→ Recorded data
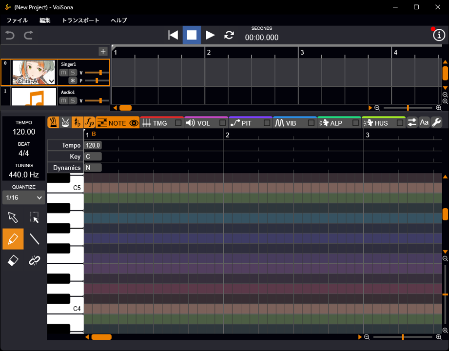 - VoiSonaのアプリを起動します。 新規プロジェクトが作成されます。
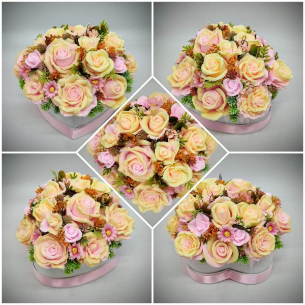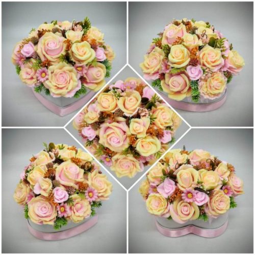 Szappanvirág csokor - sárga-rózsaszín rózsa szappanvirág csokor - fehér szív dobozban
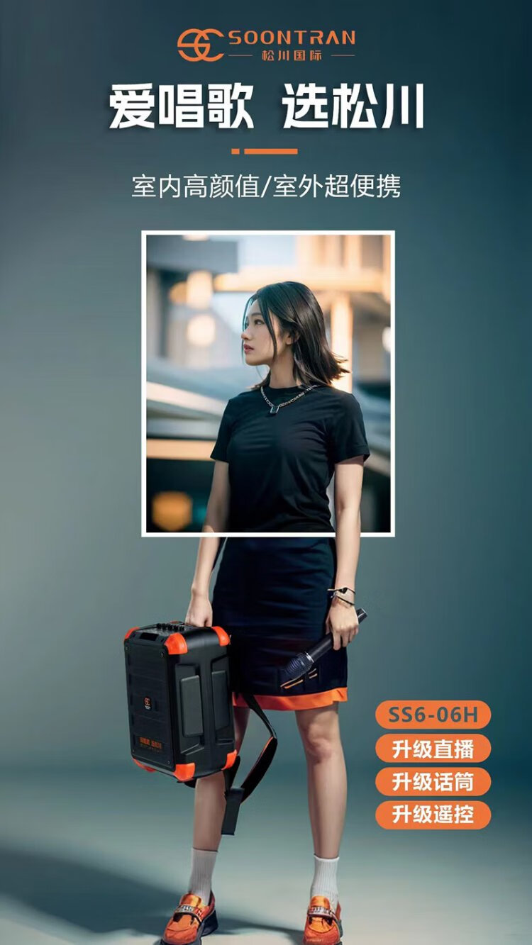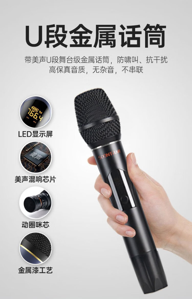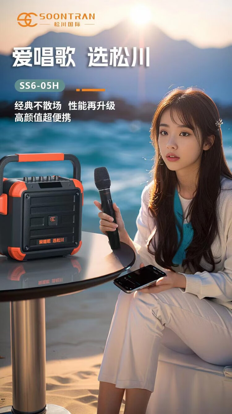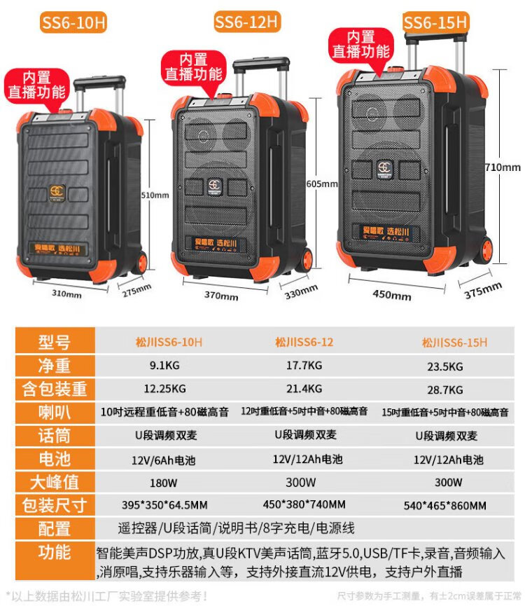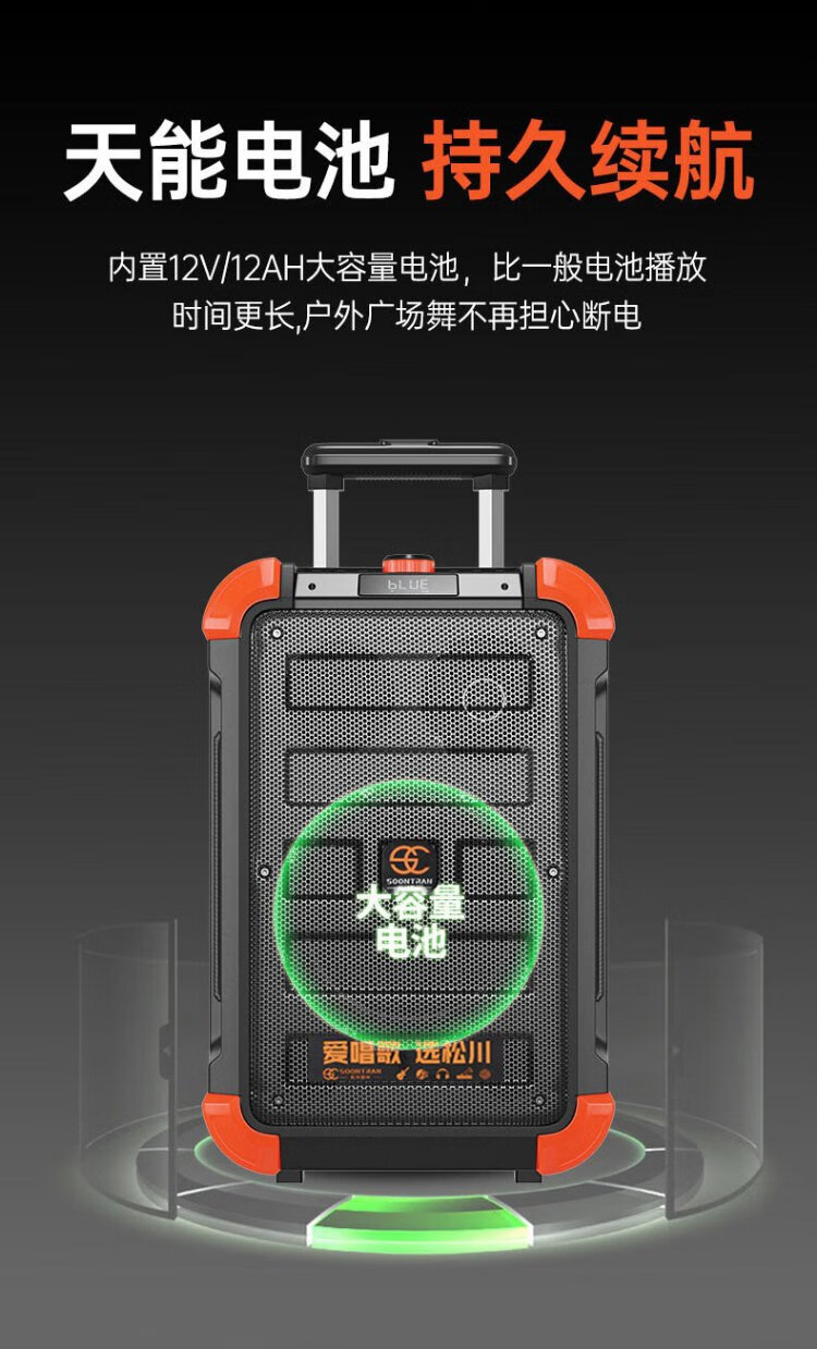 Songchuan International (SOONTRAN) SS6 outdoor trolley square dance speaker karaoke stage Bluetooth instrument guitar strap audio high-power subwoofer SS6-5-inch portable version + 2 Bel Canto FM microphones
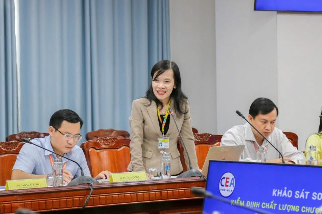 Tại buổi khảo sát, Đoàn chuyên gia đánh giá ngoài đã tiến hành kiểm tra sơ bộ các hồ sơ minh chứng, tham quan cơ sở vật chất như: các phòng làm việc, phòng phỏng vấn, hội trường, trung tâm học liệu, hệ thống công nghệ thông tin, nhà thi đấu, … và cơ sở vật chất của các đơn vị có CTĐT được đánh giá.
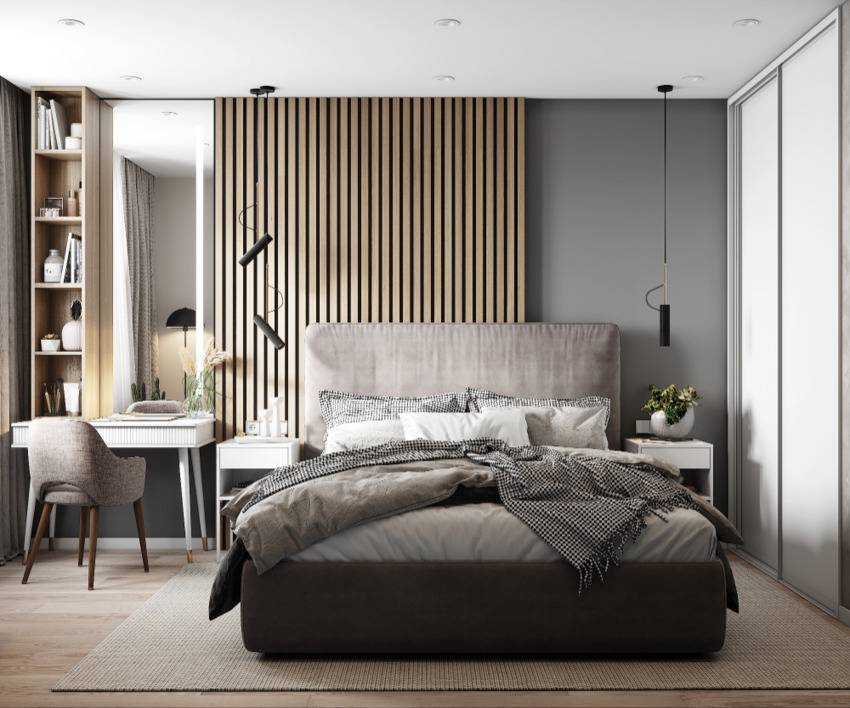Деревянные панели в спальни

→ Task objective
Write out word for word every line from the line with "Tại buổi khảo" through the final line of the records, both included, skipping the pictures.

→ Reply
 Tại buổi khảo sát, Đoàn chuyên gia đánh giá ngoài đã tiến hành kiểm tra sơ bộ các hồ sơ minh chứng, tham quan cơ sở vật chất như: các phòng làm việc, phòng phỏng vấn, hội trường, trung tâm học liệu, hệ thống công nghệ thông tin, nhà thi đấu, … và cơ sở vật chất của các đơn vị có CTĐT được đánh giá.
Деревянные панели в спальни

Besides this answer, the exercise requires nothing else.